My mom does some traveling with her job and carries a .38 Special in her purse. My dad came up with the idea to load every other cylinder with a shotshell then set it so that a shotshell was the first thing up. The idea is to just point and shoot on the first shot and stun the bad guy and give more time to get serious with the second shot (my mom is a good shot). We have played with the shotshells some and they will put the wadding through a feed sack at 15 yards, no doubt they will get your attention. Both her and dad are comfortable with the idea, but I am not as sure myself. Especially if the bad guy was doped up. What are your thoughts?


----------



## Mike Barham (Mar 30, 2006)

We discussed this very recently here: http://www.handgunforum.net/showthread.php?t=8591&highlight=shotshell.
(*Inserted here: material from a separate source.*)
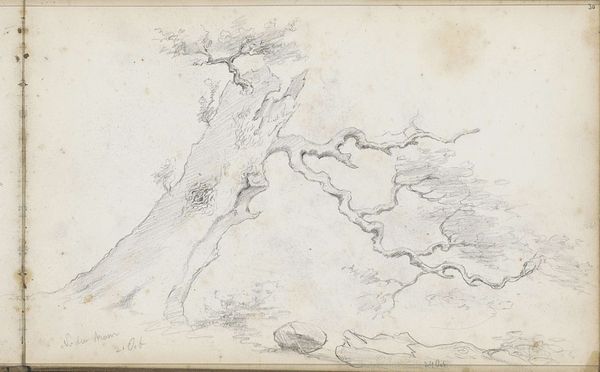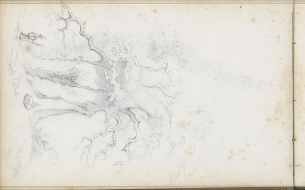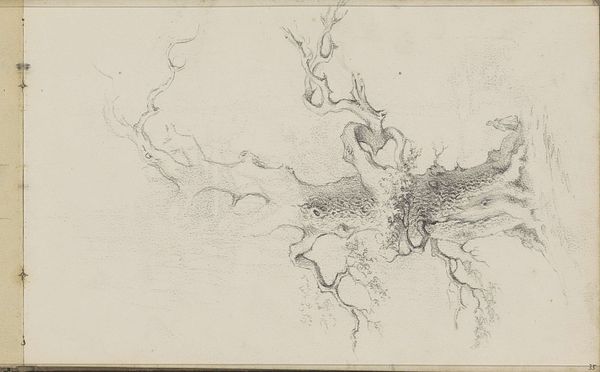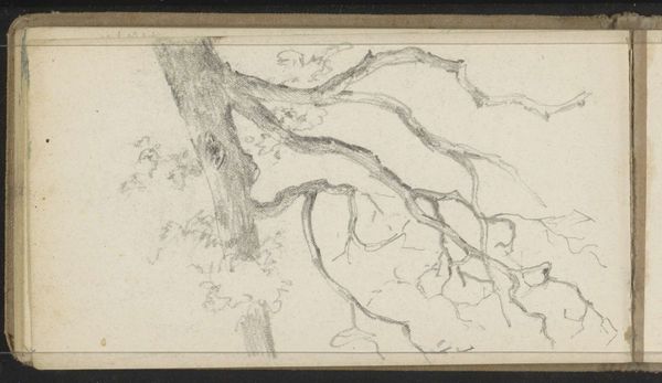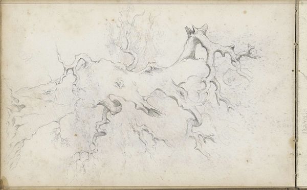 Curator: Today we're looking at Willem Cornelis Rip's pencil drawing, "Man on a Bench Beside a Tree", created in 1874. Editor: Oh, my goodness, this sketch has the same spooky energy as a really old tree you'd find in a fairy tale – all twisty branches, it feels like something could whisper secrets from those boughs. Curator: Rip employs a very deliberate, almost methodical approach to depicting nature. If you look closely, you’ll see how the material quality of the pencil shapes our perception. Its graphite, readily available at the time, allowed for these accessible, quick studies. Editor: Quick is an understatement! I love the economy of lines – the sketch captures this feeling of gnarly old growth, but it is implied as much as explicitly stated. There's a dreamy quality to the sketch too, though it is the very quick observation and technique used that conveys its feeling of fleeting reality. Curator: It's interesting that you mention that "dreamy quality," because Romanticism, from which the image stems, often sought to evoke emotional responses through depictions of nature. The labor is present but understated; we see the hand, the deliberate craft, and its purpose of achieving the affect, almost. Editor: Definitely. And look how he’s almost personified the tree's branches. You see that swirling section right in the middle? It’s staring right at you! It could be something lurking, but I feel a strange invitation into the dream. Curator: Yes, by focusing so intensely on line, Rip blurs the distinction between observer and observed. The viewer participates through recognition of artistic methods. Consider where this sits regarding mass production; Rip's artwork demonstrates art that directly opposes industrial making. Editor: So in a way, it is an intentional pushback, in all its romanticism, to say something of a different spirit? Makes me wonder who was originally seated on the bank next to this peculiar spirit in 1874! Curator: Indeed. Through form and medium, Rip has sparked more inquiry than one may originally perceive at a cursory glance. Editor: And now, after truly considering the means of its creation, the labor involved and the possible rejection of industry and modernity embedded in the artwork itself, it is quite the fascinating and intimate glimpse.
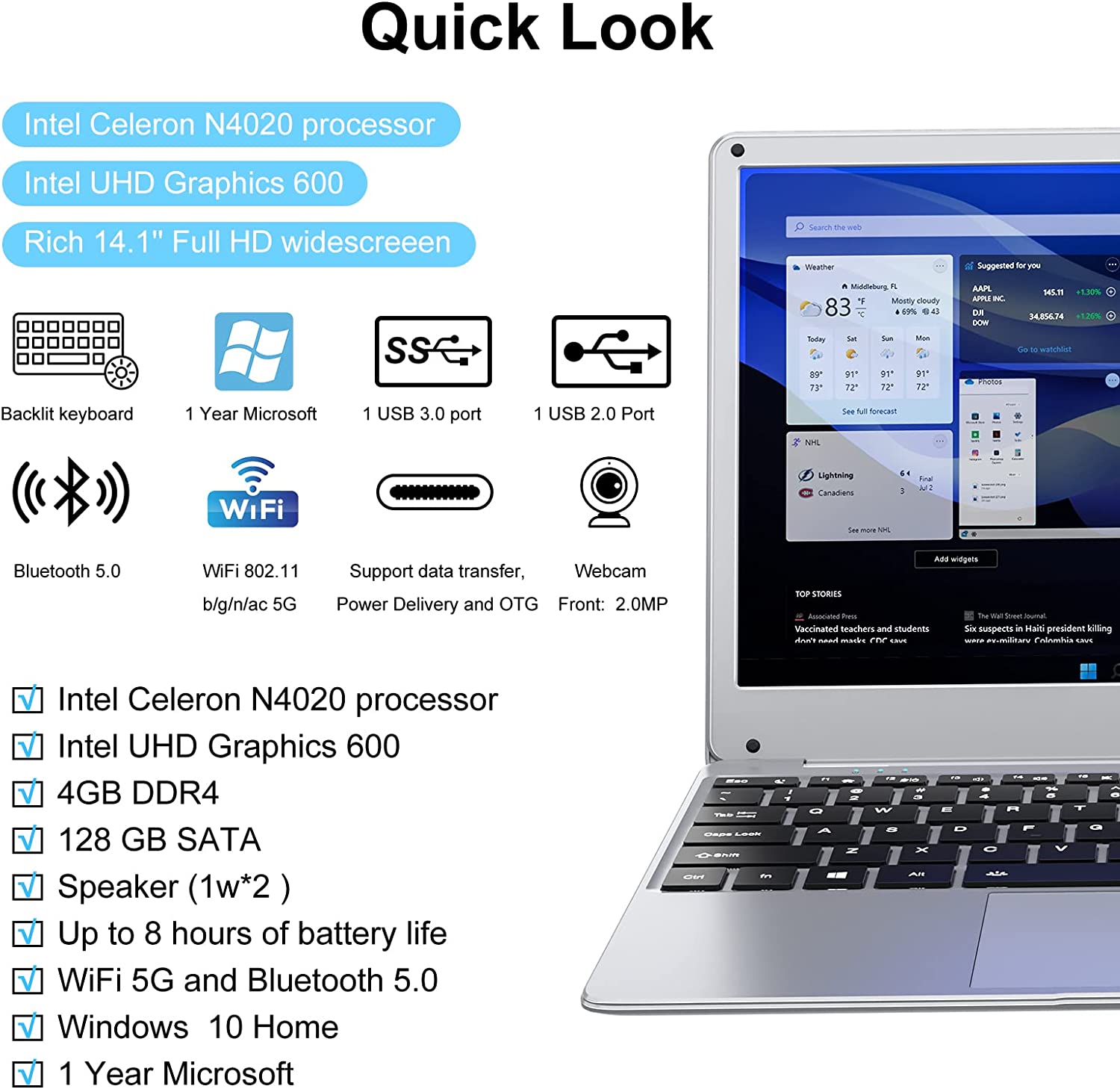 RICILAR Windows 10 Home Laptop, 14.1 Inch HD Display, Intel Celeron N4020, 4GB RAM, 128GB SSD, Backlit Keyboard, Type C, HDMI, Wi-Fi 5, Silver, School Laptop Computer for Students and Business

Your folks should bear in mind that fights happen in very compressed time frames. You may only get one shot. It needs to count.


----------



## Captain (May 8, 2007)

I can't agree more with mike I want my first shot to count just as much as the second. As far as home defense goes I not interested in getting ther attention I more concerned that they are no longer moving when they leave :enforcer:


----------



## LoneWolf (Jan 2, 2007)

Captain said:


> I can't agree more with mike I want my first shot to count just as much as the second. As far as home defense goes I not interested in getting ther attention I more concerned that they are no longer moving when they leave :enforcer:


I couldn't of said it any better...............


----------



## milquetoast (Nov 25, 2006)

Rather a bad idea, in my opinion. This is life and death we're talking about. She may need every shot, to avoid having her head cut off, or intestines cut out. Self defense is unbelievably ghastly.
Every shot should be with the most effective ammunition she can handle.


----------



## Snowman (Jan 2, 2007)

I agree with what's been said. Having only 5 or 6 shots in the first place, I wouldn't want just half of them to be truly effective vs. the attacker.


----------



## Ruger71 (Jan 15, 2007)

You all just confirmed what I already thought. Thanks for the input.


----------